* Data records:
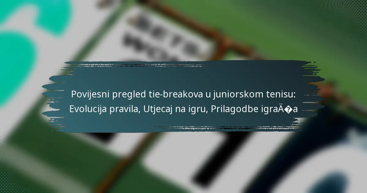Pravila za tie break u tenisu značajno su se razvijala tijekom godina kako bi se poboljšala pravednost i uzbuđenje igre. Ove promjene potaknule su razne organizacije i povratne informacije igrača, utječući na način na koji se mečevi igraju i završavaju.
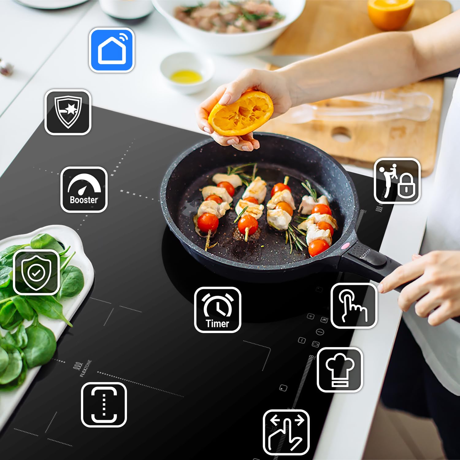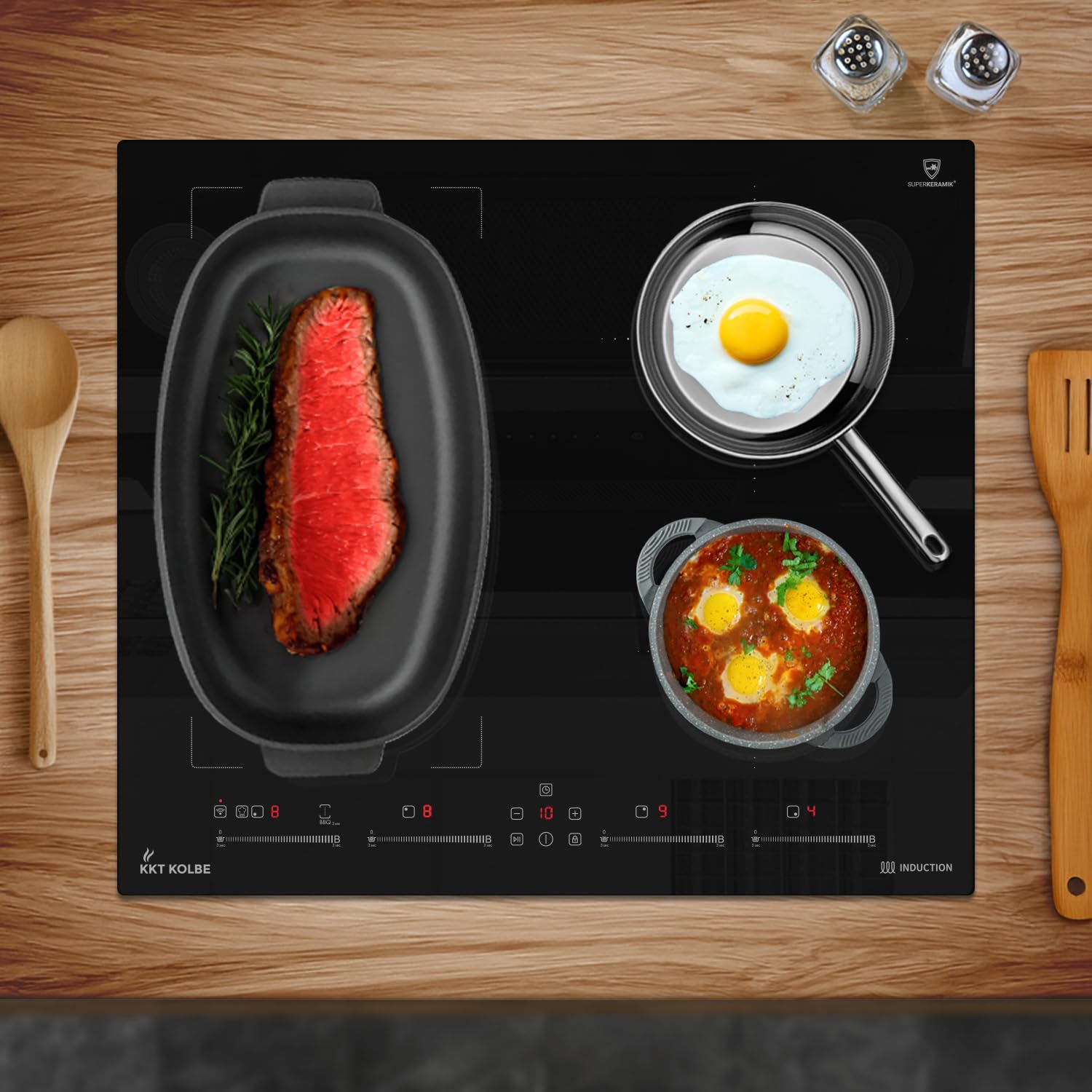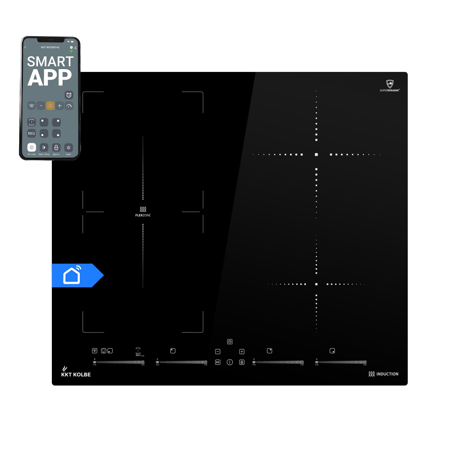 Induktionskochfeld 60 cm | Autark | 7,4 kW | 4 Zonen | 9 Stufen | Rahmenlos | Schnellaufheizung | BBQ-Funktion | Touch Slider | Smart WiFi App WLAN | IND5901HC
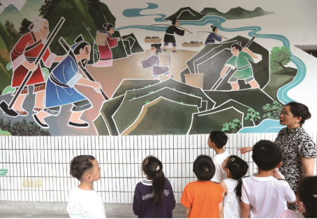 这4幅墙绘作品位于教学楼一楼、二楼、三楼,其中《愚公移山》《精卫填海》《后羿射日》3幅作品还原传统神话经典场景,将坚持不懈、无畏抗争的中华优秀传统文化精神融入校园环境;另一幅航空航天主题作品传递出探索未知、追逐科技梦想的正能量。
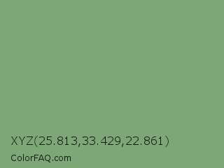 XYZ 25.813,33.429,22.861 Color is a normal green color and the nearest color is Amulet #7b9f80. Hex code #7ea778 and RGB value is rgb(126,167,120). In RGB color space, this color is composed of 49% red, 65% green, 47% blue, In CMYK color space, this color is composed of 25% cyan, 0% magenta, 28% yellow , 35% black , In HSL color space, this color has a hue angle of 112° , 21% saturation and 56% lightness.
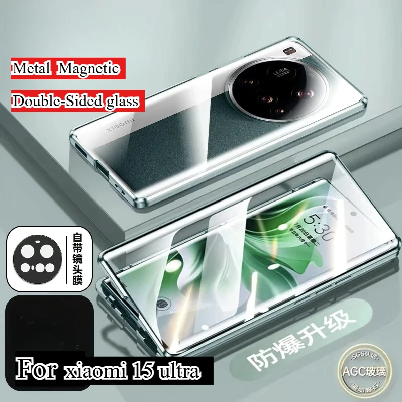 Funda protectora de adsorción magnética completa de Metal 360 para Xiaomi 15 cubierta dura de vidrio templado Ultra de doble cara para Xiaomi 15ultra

* Instructions for the task:
Transcribe the records above exactly, without images.

* Solution below:
Pravila za tie break u tenisu značajno su se razvijala tijekom godina kako bi se poboljšala pravednost i uzbuđenje igre. Ove promjene potaknule su razne organizacije i povratne informacije igrača, utječući na način na koji se mečevi igraju i završavaju.
 Induktionskochfeld 60 cm | Autark | 7,4 kW | 4 Zonen | 9 Stufen | Rahmenlos | Schnellaufheizung | BBQ-Funktion | Touch Slider | Smart WiFi App WLAN | IND5901HC
 这4幅墙绘作品位于教学楼一楼、二楼、三楼,其中《愚公移山》《精卫填海》《后羿射日》3幅作品还原传统神话经典场景,将坚持不懈、无畏抗争的中华优秀传统文化精神融入校园环境;另一幅航空航天主题作品传递出探索未知、追逐科技梦想的正能量。
 XYZ 25.813,33.429,22.861 Color is a normal green color and the nearest color is Amulet #7b9f80. Hex code #7ea778 and RGB value is rgb(126,167,120). In RGB color space, this color is composed of 49% red, 65% green, 47% blue, In CMYK color space, this color is composed of 25% cyan, 0% magenta, 28% yellow , 35% black , In HSL color space, this color has a hue angle of 112° , 21% saturation and 56% lightness.
 Funda protectora de adsorción magnética completa de Metal 360 para Xiaomi 15 cubierta dura de vidrio templado Ultra de doble cara para Xiaomi 15ultra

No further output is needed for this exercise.